> _Task statement_
Use the entries below and reproduce exactly the lines from the one containing "HDR - mert egyszerű" down to the one containing "Torvneset var ein", both of them included.

> _Record set_
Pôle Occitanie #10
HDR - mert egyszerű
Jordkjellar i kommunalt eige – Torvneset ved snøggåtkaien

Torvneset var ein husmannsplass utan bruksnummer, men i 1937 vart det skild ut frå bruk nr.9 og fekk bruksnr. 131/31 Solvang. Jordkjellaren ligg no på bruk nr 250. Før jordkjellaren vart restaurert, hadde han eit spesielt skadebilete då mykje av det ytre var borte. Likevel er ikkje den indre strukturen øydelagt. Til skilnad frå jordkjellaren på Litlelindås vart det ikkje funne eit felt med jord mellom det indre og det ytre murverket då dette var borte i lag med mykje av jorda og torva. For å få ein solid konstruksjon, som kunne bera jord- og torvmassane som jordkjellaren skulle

--

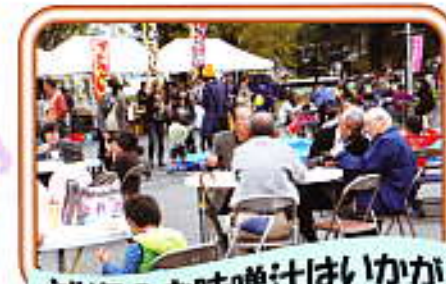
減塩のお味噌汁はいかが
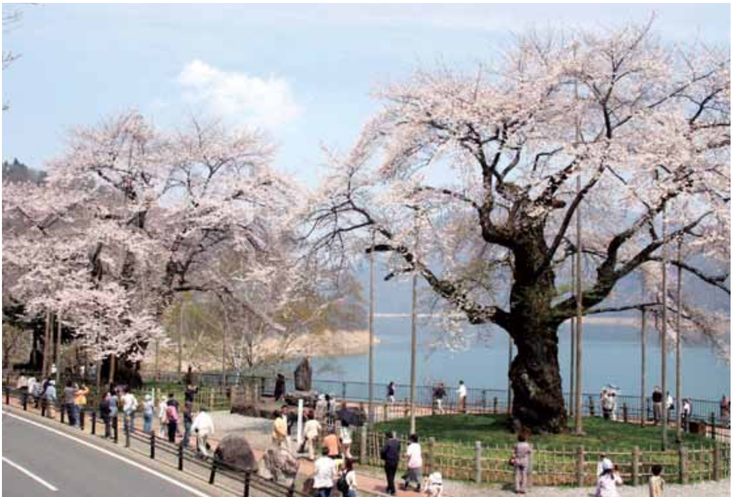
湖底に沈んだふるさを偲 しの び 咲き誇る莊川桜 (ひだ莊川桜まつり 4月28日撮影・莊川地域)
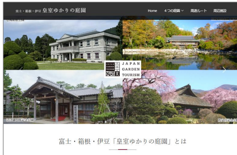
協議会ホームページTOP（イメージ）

> _Completed task_
HDR - mert egyszerű
Jordkjellar i kommunalt eige – Torvneset ved snøggåtkaien

Torvneset var ein husmannsplass utan bruksnummer, men i 1937 vart det skild ut frå bruk nr.9 og fekk bruksnr. 131/31 Solvang. Jordkjellaren ligg no på bruk nr 250. Før jordkjellaren vart restaurert, hadde han eit spesielt skadebilete då mykje av det ytre var borte. Likevel er ikkje den indre strukturen øydelagt. Til skilnad frå jordkjellaren på Litlelindås vart det ikkje funne eit felt med jord mellom det indre og det ytre murverket då dette var borte i lag med mykje av jorda og torva. For å få ein solid konstruksjon, som kunne bera jord- og torvmassane som jordkjellaren skulle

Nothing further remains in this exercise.